WORK REQUEST: Transcribe word for word the section of the records below that opens with the line containing "If the default" and closes with the line containing "We propose a"; drop every picture.

[Records contained in a dataset]
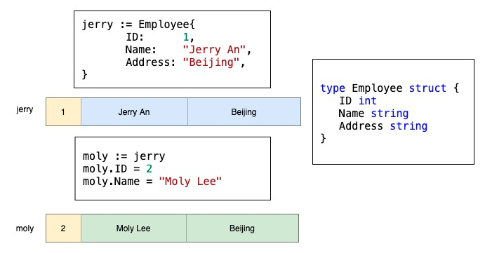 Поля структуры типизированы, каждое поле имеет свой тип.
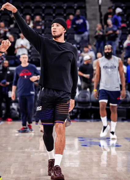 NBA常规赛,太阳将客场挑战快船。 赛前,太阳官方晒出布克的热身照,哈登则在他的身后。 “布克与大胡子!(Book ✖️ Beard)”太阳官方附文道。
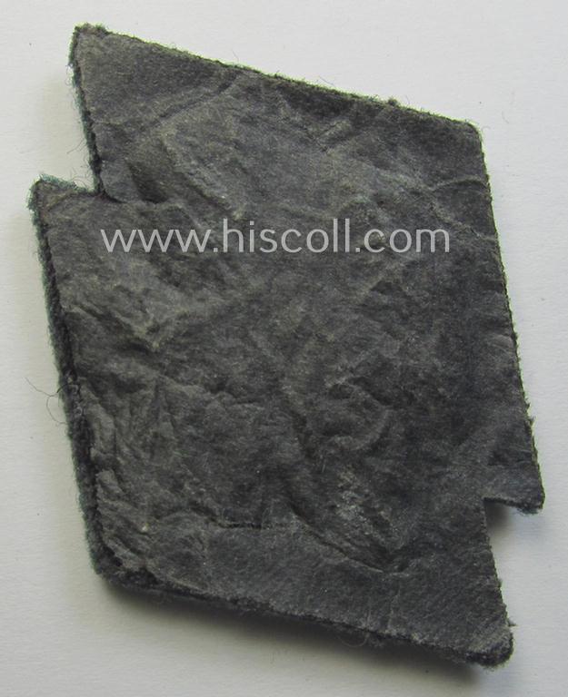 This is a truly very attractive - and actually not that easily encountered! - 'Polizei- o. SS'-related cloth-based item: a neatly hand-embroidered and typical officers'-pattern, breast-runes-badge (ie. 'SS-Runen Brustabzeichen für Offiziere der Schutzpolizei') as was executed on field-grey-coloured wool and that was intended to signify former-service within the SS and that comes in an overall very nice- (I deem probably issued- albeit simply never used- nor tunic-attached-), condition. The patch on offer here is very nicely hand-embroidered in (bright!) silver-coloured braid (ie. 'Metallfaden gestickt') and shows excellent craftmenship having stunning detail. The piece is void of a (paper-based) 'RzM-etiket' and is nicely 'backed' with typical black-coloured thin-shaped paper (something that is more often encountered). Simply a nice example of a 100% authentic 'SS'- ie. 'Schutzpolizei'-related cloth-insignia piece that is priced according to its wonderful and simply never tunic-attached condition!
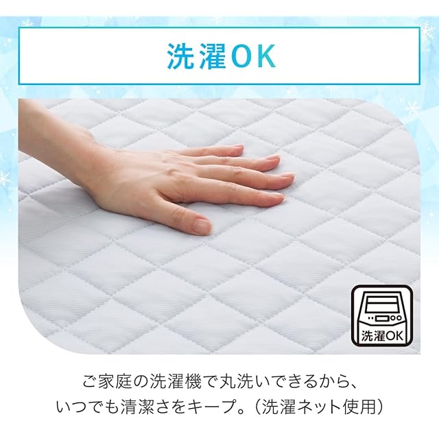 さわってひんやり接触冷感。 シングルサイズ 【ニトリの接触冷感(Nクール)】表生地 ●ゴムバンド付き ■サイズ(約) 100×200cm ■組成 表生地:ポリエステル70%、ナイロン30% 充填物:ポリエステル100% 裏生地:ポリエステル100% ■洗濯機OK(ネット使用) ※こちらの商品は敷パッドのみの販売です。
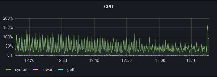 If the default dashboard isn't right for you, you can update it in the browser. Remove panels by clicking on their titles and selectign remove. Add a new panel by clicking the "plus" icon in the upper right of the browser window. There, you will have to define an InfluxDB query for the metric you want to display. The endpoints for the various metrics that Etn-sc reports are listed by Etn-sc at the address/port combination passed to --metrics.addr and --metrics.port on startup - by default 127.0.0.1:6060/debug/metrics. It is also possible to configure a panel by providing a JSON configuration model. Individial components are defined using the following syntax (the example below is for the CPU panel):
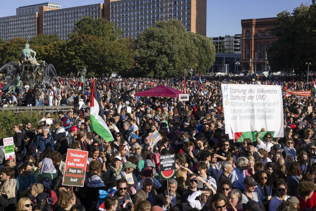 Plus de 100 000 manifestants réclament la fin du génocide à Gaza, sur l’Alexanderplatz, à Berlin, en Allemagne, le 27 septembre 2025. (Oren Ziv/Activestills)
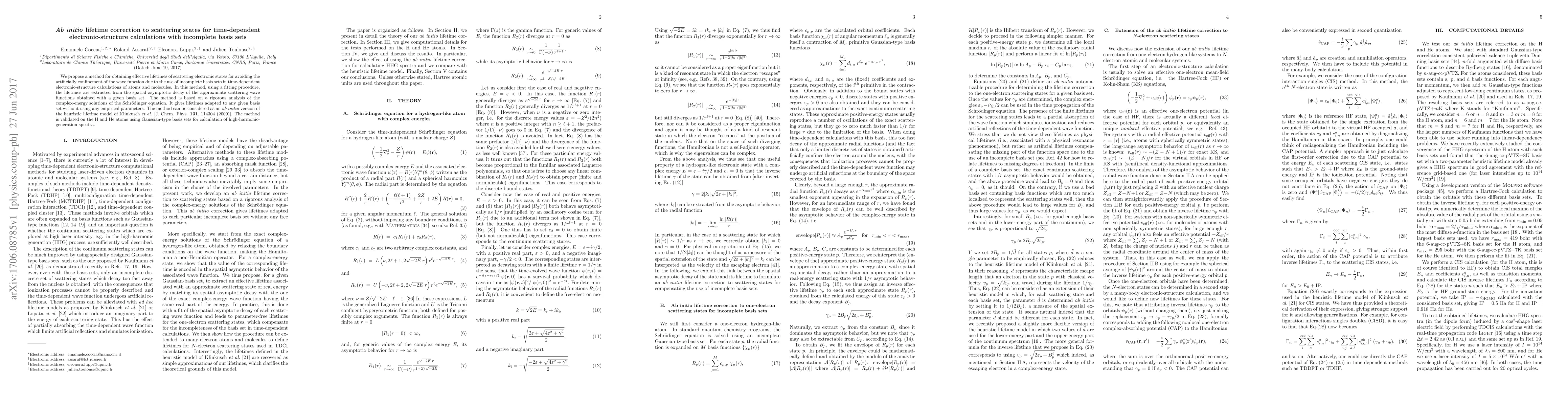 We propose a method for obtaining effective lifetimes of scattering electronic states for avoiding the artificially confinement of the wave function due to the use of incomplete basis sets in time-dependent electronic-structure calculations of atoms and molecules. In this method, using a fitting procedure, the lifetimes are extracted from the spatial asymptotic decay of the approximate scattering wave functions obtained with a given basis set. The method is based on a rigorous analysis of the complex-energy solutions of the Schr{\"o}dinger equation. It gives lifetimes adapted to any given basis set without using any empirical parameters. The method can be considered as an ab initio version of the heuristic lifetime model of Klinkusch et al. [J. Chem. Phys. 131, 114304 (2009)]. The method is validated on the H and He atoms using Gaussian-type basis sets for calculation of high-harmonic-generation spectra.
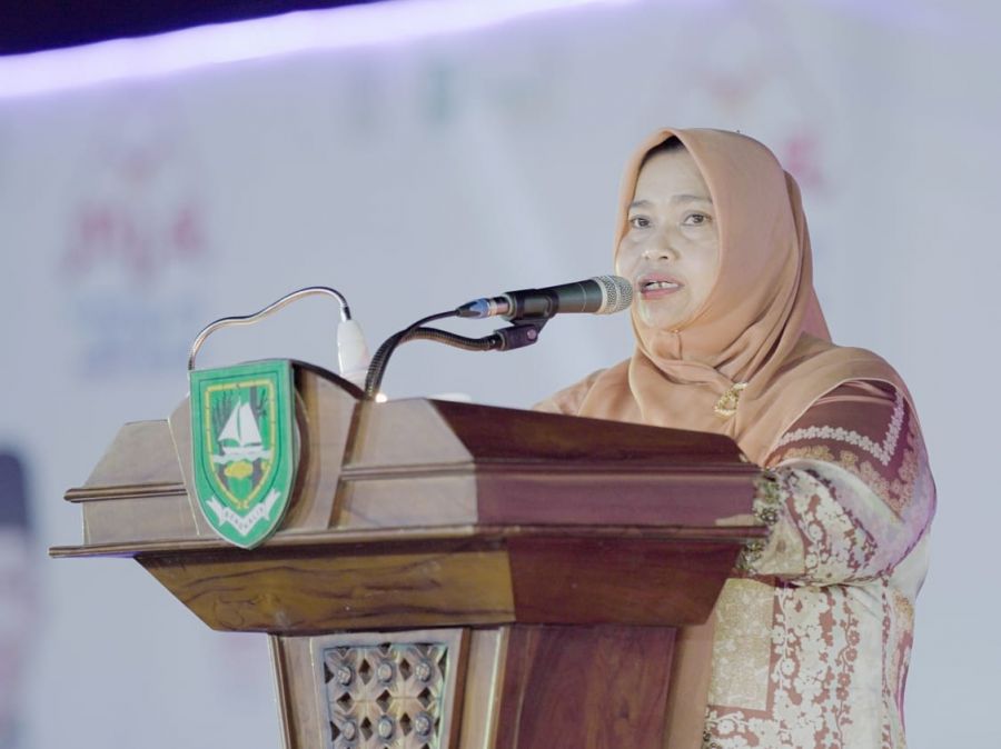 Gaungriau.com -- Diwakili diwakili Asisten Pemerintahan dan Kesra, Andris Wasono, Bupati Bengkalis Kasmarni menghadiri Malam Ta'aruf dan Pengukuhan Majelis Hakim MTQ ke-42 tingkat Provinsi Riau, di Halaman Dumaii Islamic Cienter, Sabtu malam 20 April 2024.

TASK SOLUTION:
 If the default dashboard isn't right for you, you can update it in the browser. Remove panels by clicking on their titles and selectign remove. Add a new panel by clicking the "plus" icon in the upper right of the browser window. There, you will have to define an InfluxDB query for the metric you want to display. The endpoints for the various metrics that Etn-sc reports are listed by Etn-sc at the address/port combination passed to --metrics.addr and --metrics.port on startup - by default 127.0.0.1:6060/debug/metrics. It is also possible to configure a panel by providing a JSON configuration model. Individial components are defined using the following syntax (the example below is for the CPU panel):
 Plus de 100 000 manifestants réclament la fin du génocide à Gaza, sur l’Alexanderplatz, à Berlin, en Allemagne, le 27 septembre 2025. (Oren Ziv/Activestills)
 We propose a method for obtaining effective lifetimes of scattering electronic states for avoiding the artificially confinement of the wave function due to the use of incomplete basis sets in time-dependent electronic-structure calculations of atoms and molecules. In this method, using a fitting procedure, the lifetimes are extracted from the spatial asymptotic decay of the approximate scattering wave functions obtained with a given basis set. The method is based on a rigorous analysis of the complex-energy solutions of the Schr{\"o}dinger equation. It gives lifetimes adapted to any given basis set without using any empirical parameters. The method can be considered as an ab initio version of the heuristic lifetime model of Klinkusch et al. [J. Chem. Phys. 131, 114304 (2009)]. The method is validated on the H and He atoms using Gaussian-type basis sets for calculation of high-harmonic-generation spectra.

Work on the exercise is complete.